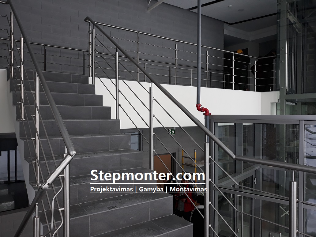 Nerūdyjančio metalo turėklai, metaliniai turėklai, laiptų turėklai- jų projektavimas, gamyba ir montavimas
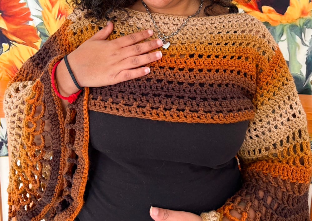 Brown ombré shrug. 🤎Made with acrylic yarn. The measurements are U.S. Women’s sizes.
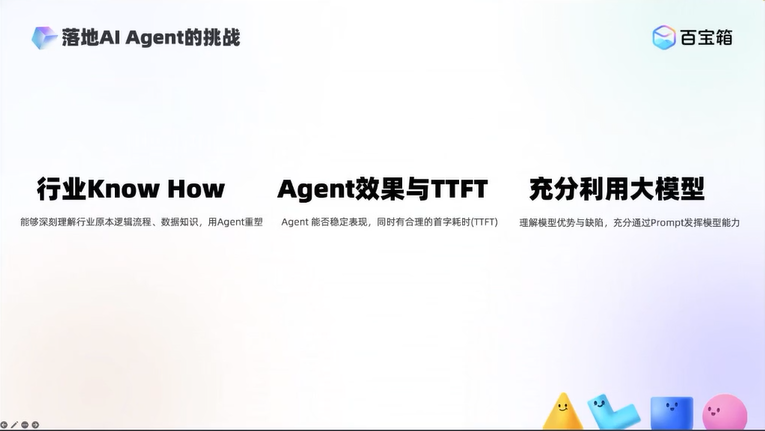 在介绍了 AI Agent 的核心能力和功能组成后,接下来让我们探讨一下实际落地过程中的主要挑战。这些挑战主要集中在以下三个方面:

Problem requirements: When you retype the listing, keep every line exactly as it is and drop the pictures.

Answer to this exercise:
 Nerūdyjančio metalo turėklai, metaliniai turėklai, laiptų turėklai- jų projektavimas, gamyba ir montavimas
 Brown ombré shrug. 🤎Made with acrylic yarn. The measurements are U.S. Women’s sizes.
 在介绍了 AI Agent 的核心能力和功能组成后,接下来让我们探讨一下实际落地过程中的主要挑战。这些挑战主要集中在以下三个方面:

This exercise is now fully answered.